When skiing season finally hits its full swing, you need to make sure that you’ve been stretching and preparing all summer long to ensure that your weekend on the slopes doesn’t end in a dangerous injury. Here at Orthopedic Associates of Denver, we’re proud to provide you with a number of different resources that should help to ensure that you’re well-prepared to hit the slopes and enjoy the wonderful winter past-time sport of skiing.
In our last installment, we talked about the low lunge workout, and how this particular stretch can help to increase the flexibility and strengthen a number of important body areas that are used during the demanding sport. Today, we’ll introduce another stretch that will also help to increase your flexibility and build strength in your core, which will make all the difference between a successful run and a dangerous run.
Take a look below and let’s get started.
Exercise #2: The Sitting Side Stretch
Now, the sitting side stretch is just as important as the low lunge – if not more so! Why? Because the sitting side stretch helps to stretch out the muscles that you’ll use to side bend. More than likely, these muscles are going to be critically important as you rush down the hill and look to efficiently and effectively edge through those sharp and intense turns.
Here’s How You Do It!
• Step 1: First, take a seat down on the floor, and fold both of your legs over to the left side of your body.
• Step 2: Then, reach your right arm high over your head, and make sure that you’re not allowing your back to arch during the movement.
• Step 3: Check to make sure that your core and abdominal muscles are highly engaged during this movement.
• Step 4: Hold this pose for about five breaths before slowly straightening out.

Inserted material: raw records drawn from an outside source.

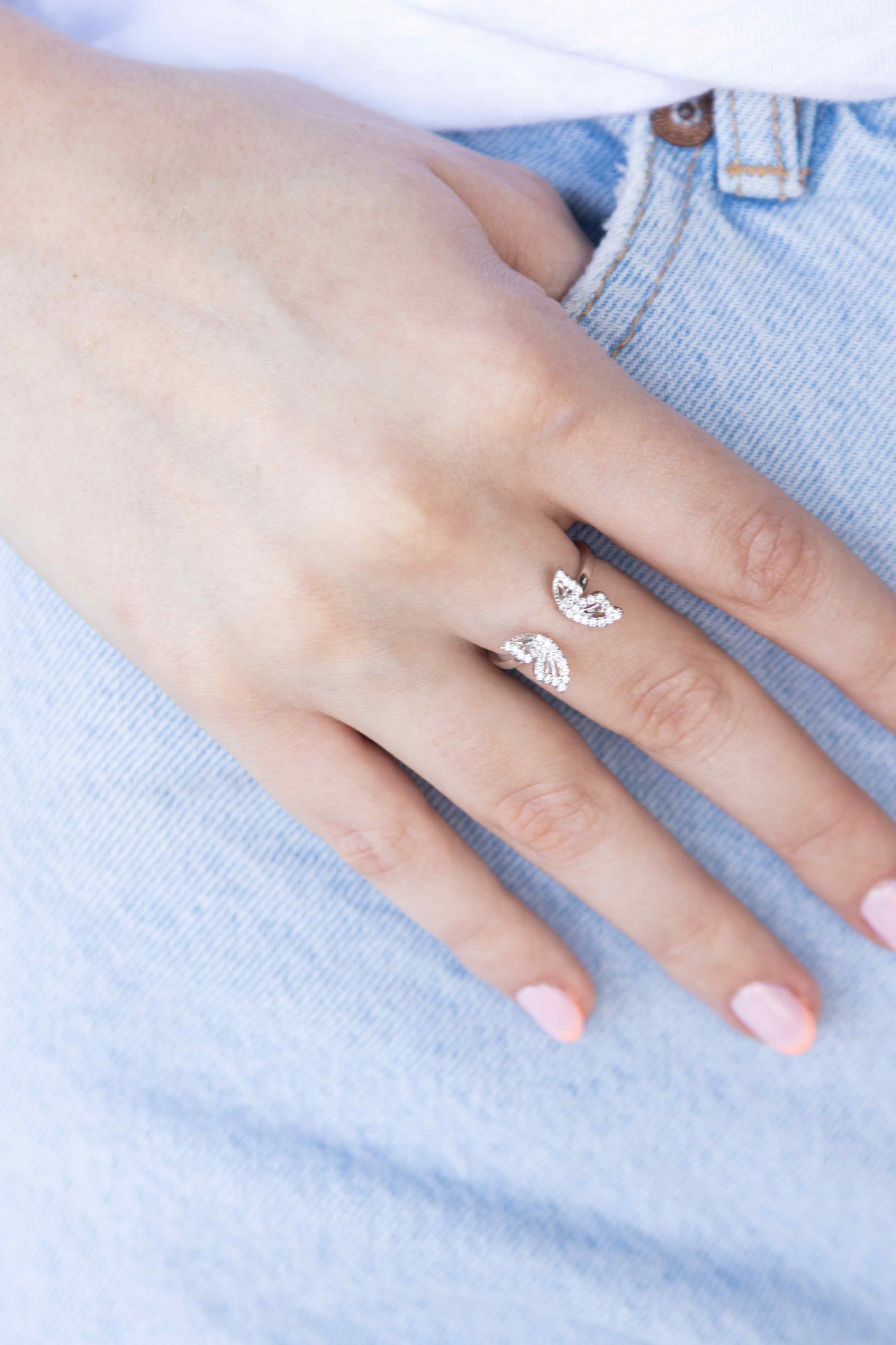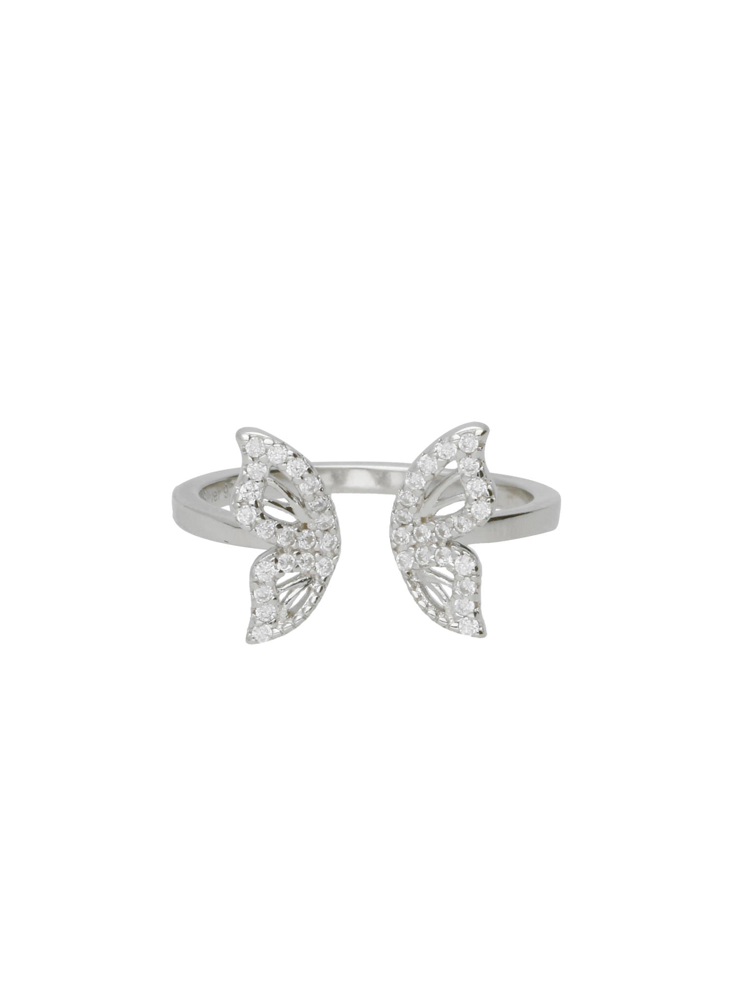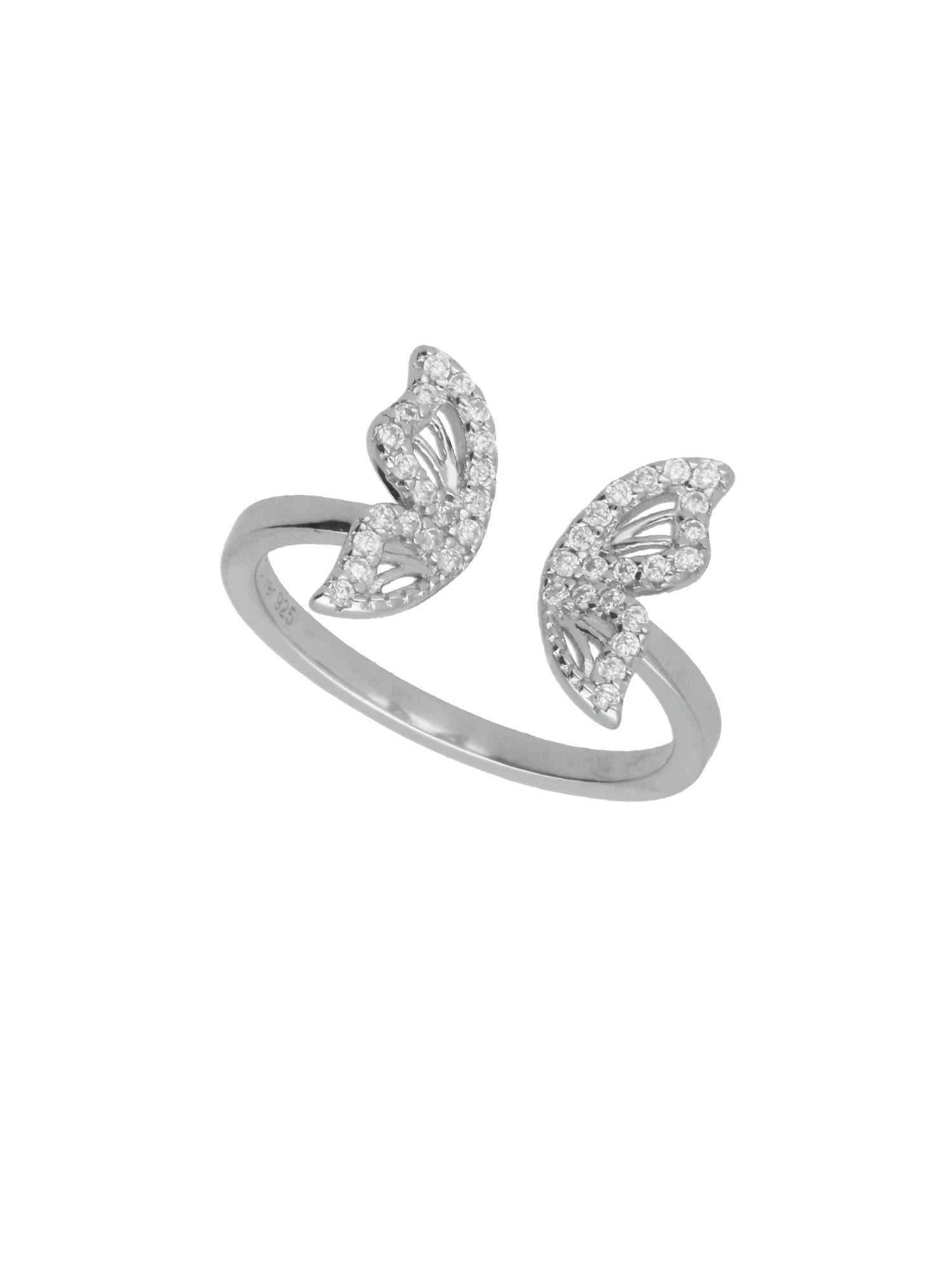 Anillo Delicado, Plata 925 bañada en rodio, Zirconia cúbica artificial, Claro, Mariposa, Artificial, Color plateado, 2.31 g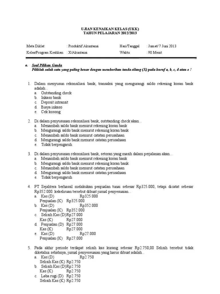 Soal pilihan ganda administrasi umum kelas 10 guru ilmu sosial ilmu sosial teknik otomotif akuntansi keuangan. Semoga bermanfaat bagi para pembaca sekalian, dan untuk menambah manfaat silahkan share. Bagi anda yang ingin mengetahui contoh soal teks eksplanasi beserta jawabannya silahkan lihat link di bawah ini. 50 soal pilihan ganda tentang akuntansi beserta jawabannya. Khusus untuk transaksi bank charges dan interest income dicatat di ….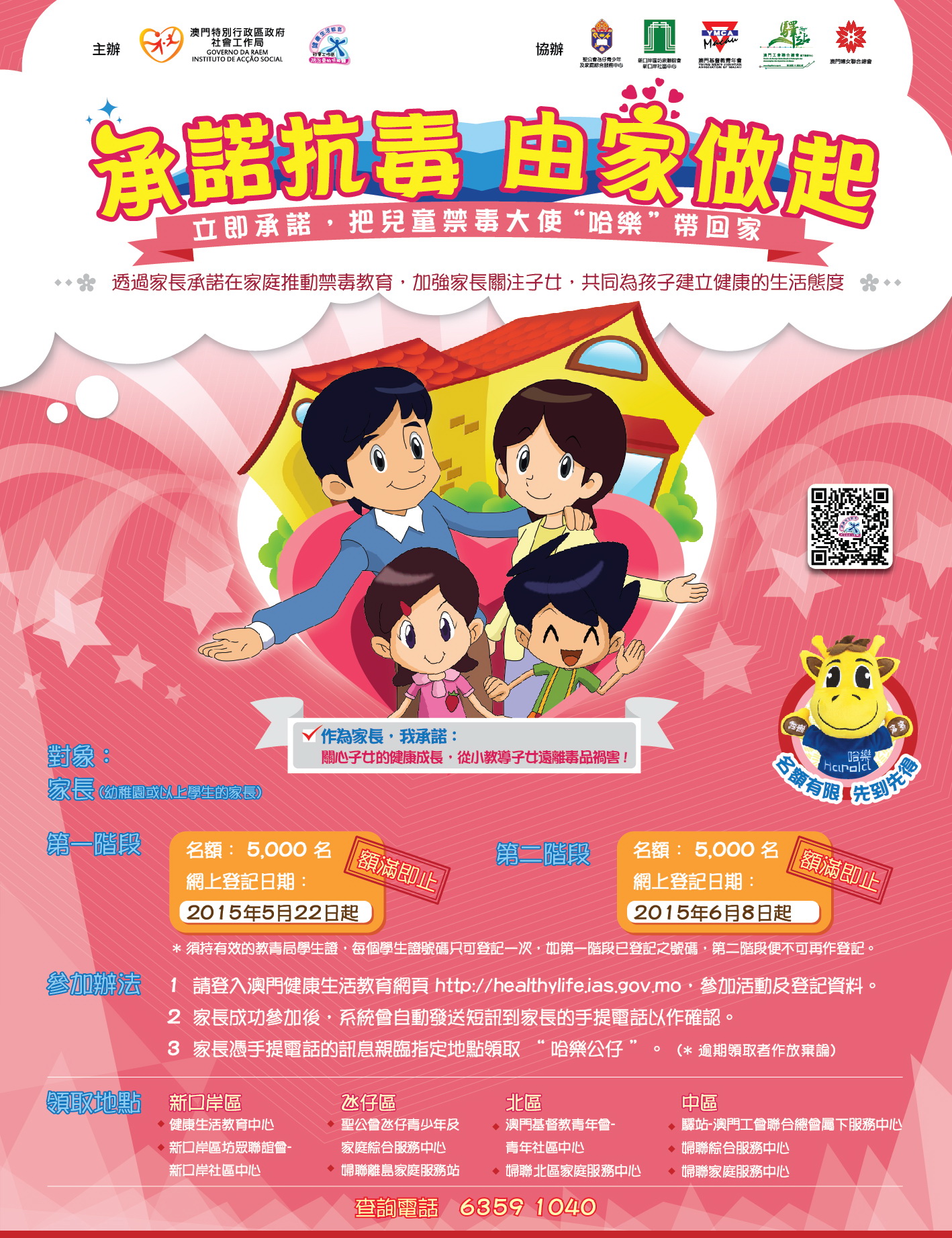 由社會工作局主辦的“承諾抗毒 由家做起”活動深受家長歡迎,首階段活動5,000個名額不足兩天便已額滿,而第二階段活動5,000個名額由6月8日起接受網上登記,額滿即止,錯過了首階段活動的家長,請把握機會參與。
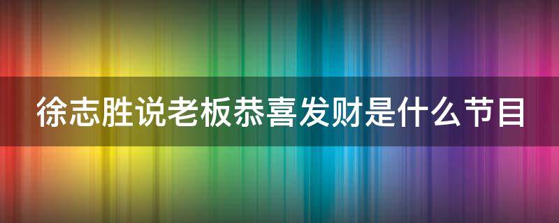 徐志胜说老板恭喜发财是脱口秀大会。徐志胜是《脱口秀大会》节目当中的嘉宾,在这个节目当中对恭喜发财以及领导进行了吐槽,引起了很多观众的爆笑。《脱口秀大会》是由腾讯视频出品,企鹅影视、上海笑果文化传媒有限公司联合出品的脱口秀竞技节目。节目根据每期节目话题,以不同的视角切入,用专业的喜剧创作能力进行高质量的内容输出,满足观众的信息需求,同台较量,争夺年度脱口秀大王桂冠。《脱口秀大会》包括:《脱口秀大会第一季》《脱口秀大会第二季》《脱口秀大会第三季》《脱口秀大会第四季》《脱口秀大会第五季》。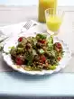 Add walnut oil. Add asparagus with the hot marinade to the potatoes. Mix well, marinate for about 1 hour and let cool off. Clean, wash and drain the rocket. Season the potato salad with salt and pepper, fold in the rocket and arrange in a large bowl. If necessary, spread some ham on the salad, add the remaining ham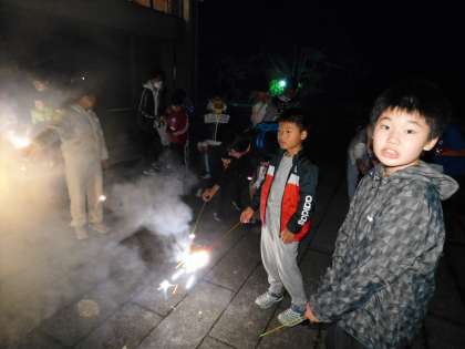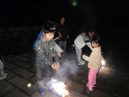 室内レクが終わり、外で花火をしました。

• Step 5: Repeat on the opposite side.
And from there, you should have everything that you need to best prepare your body for those hairpin turns while skiing down the slopes at warp speed. Not only will this stretch help you build the flexibility that you need to remain agile and quick on your feet while speeding down the hill, but they’ll also help you to strengthen your core, find your balance, and protect you against injury, should you ever experience a slip or a fall.
If you should ever have any questions about how to best prepare your body for your ski weekend coming up, please don’t hesitate to reach out to us. At Orthopedic Associates, we’re always ready to help ensure that our clients are well-prepared have a safe trip.
So, for your next ski trip, be sure to practice this stretch at least 4 times a week in the weeks leading up to your date, so that you can best prepare your body for a weekend on the slopes. Never risk an injury, just simply enjoy!